How FP&A Process Improvement Can Unlock Nonprofit Transformation
Nonprofits that invest just a bit of time and energy into leveling up their processes find the benefits ripple across the organization.
Nonprofits that invest just a bit of time and energy into leveling up their processes find the benefits ripple across the organization.
People. Product. Process. Nonprofit leaders know that you need all three in place to really drive success on a worthwhile initiative. Yet when it comes to nonprofits’ finance departments, many teams are saddled with out-of-date and cumbersome processes. FP&A professionals at nonprofit organizations are tasked with juggling multiple funding sources and reporting requirements while trying to deliver maximum ROI with less sophisticated tools and resources.
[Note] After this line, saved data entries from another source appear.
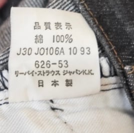 90s Levi's 626 ブラックデニム W34 日本製 先染め リーバイス 黒 ジーンズ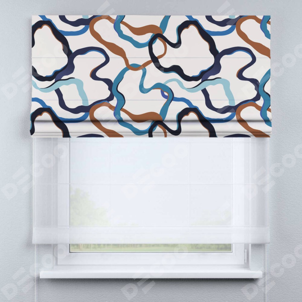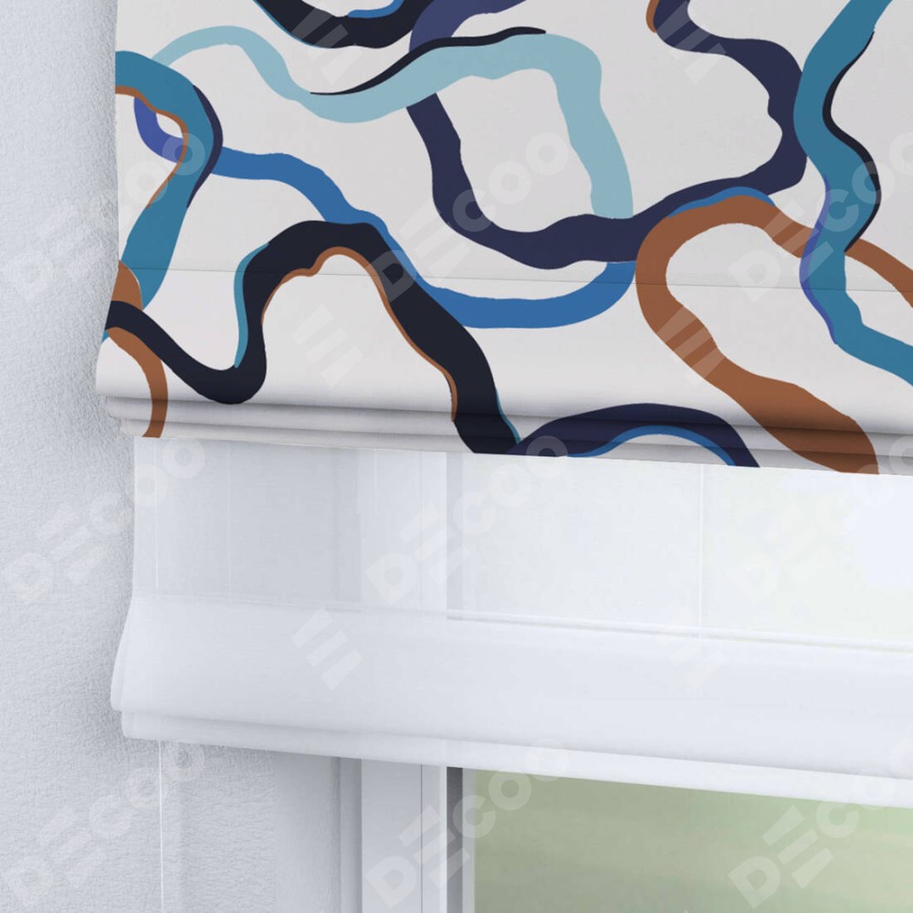 Римская штора день-ночь производителя «Cortin», используется для проёма, пошита из двух полотен, с лицевой блэкаут с нанесением сублимационной печати «Волнистые ленты», вторая ткань тюль (по стандарту комплектуется тюль белого цвета артикул V-01). Имеет универсальный механизм и подходит для монтажа: на потолок, на стену и в нишу.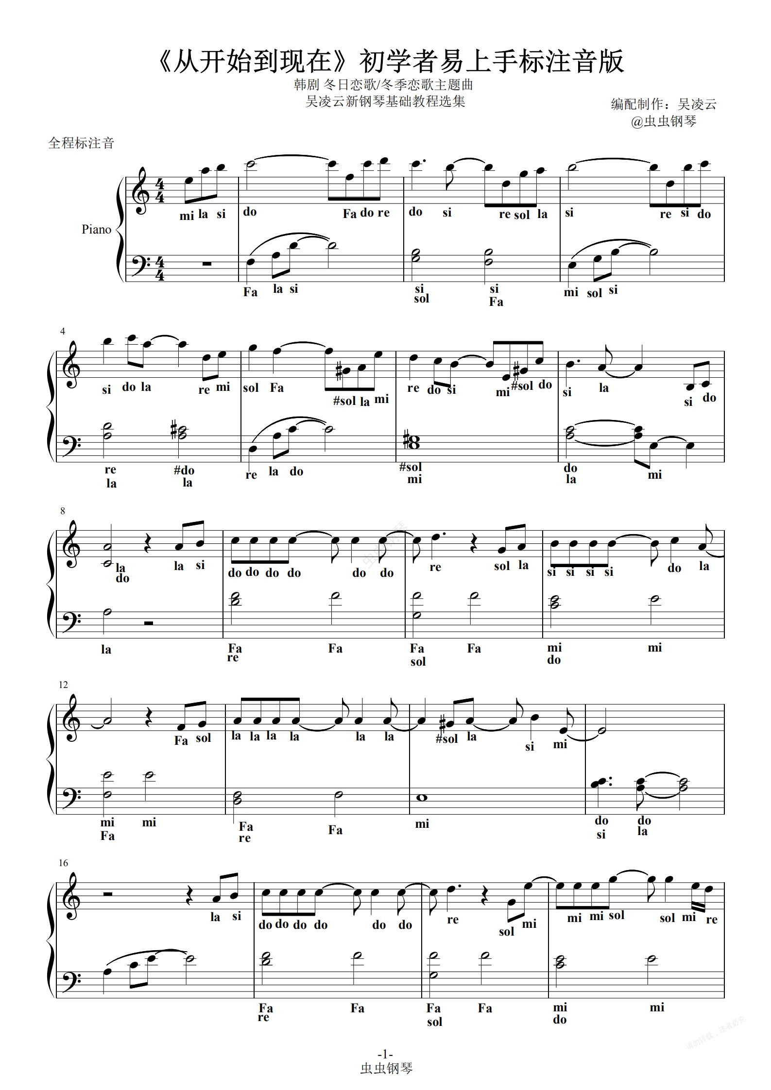 钢琴谱:从开始到现在 初学者易上手标注音版 韩剧 冬日恋歌/冬季恋歌主题曲 吴凌云钢琴基础教程选集

That’s a tall—if not impossible—order.
The good news: Transformation is possible. Nonprofits that invest just a bit of time and energy into leveling up their processes find the benefits ripple across the organization. Stronger cross-team collaboration. More agility to seize marketplace opportunities and skirt risks. Streamlined reporting and presentations, which frees up FP&A pros to focus more time on high-level strategic work. Ready to unlock the full potential of your nonprofit’s finance team?
From tracking multiple funding sources to generating frequent board reports, nonprofit teams can be stretched incredibly thin. Yet, with legacy financial tools and static spreadsheets, the finance team is often the only group that can answer budget queries, run reports, or set up scenarios. That creates drag across the organization, as other stakeholders must choose between waiting days for an answer or charging forward with the dated info they have on hand.
Instead of letting one department take the brunt of financial queries, consider a cloud-based tool that’s fast, easy, and powerful enough to use that everyone at the nonprofit can buy in. With Workday Adaptive Planning, for instance, you can allow team members to access relevant budget data (while protecting sensitive info and tracking any changes, to make sure typos don’t derail the org). That leaves nonfinance budget owners feeling empowered but not overwhelmed, and it frees up your FP&A pros for more strategic tasks. Win-win!
A robust, accurate, and up-to-date forecast can make or break many initiatives. Yet, for many nonprofits, creating the annual forecast is a months-long, time-intensive endeavor. Gathering the info requires multiple emails or requests across the organization, and data must be ticked, tied, and verified to make sure that errant info won’t derail the outlook. And after all of that effort—before the ink has even dried!—the forecast is out of date.
By definition, rolling forecasts are more timely and more accurate. When market conditions change, an unexpected grant comes through, or a key initiative wraps early, the finance team isn’t stuck with a cumbersome, static spreadsheet. Instead, they can tweak the next rolling forecast and deliver decision-makers the most up-to-date and valuable picture of where the nonprofit is financially and where it’s heading. When one nonprofit switched to Adaptive Insights, leaders initially hoped to shave a bit of time off the usual three months it took to generate a budget and forecast. Instead, they slashed the time requirements by more than 50 percent.
Pop quiz: How many databases does your nonprofit use? I’d hazard a guess that it’s more than a handful. From grant-tracking and donor management to mailing lists and financial metrics, many nonprofits are awash in data. Yet often, that valuable info is stuck in silos, barely or rarely speaking to each other. That means limited insights and also precious time wasted gathering or updating info across multiple data sources. And when there’s a data discrepancy, rooting out the error can be an even more tedious task.
A single source of truth can be transformative for nonprofits. With a cloud-based solution, data can be updated across multiple platforms in real time and accessed by multiple users. That means the team no longer has to worry about stale or error-laced databases, and can stop wasting time on manual aggregation and verification. For some nonprofits, that means a real cost savings from having fewer FP&A professionals dedicated to time-intensive manual tasks. For others, that means the finance team can devote that freed-up time to strategic analysis—not just reporting out numbers, but putting them into context for nonprofit leaders.
There’s no question that people and products are vital to nonprofits. But too often the emphasis is only on what’s to be accomplished and by whom. The why matters just as much. And investing in process improvement can transform how nonprofits work—and the impact they’re able to make.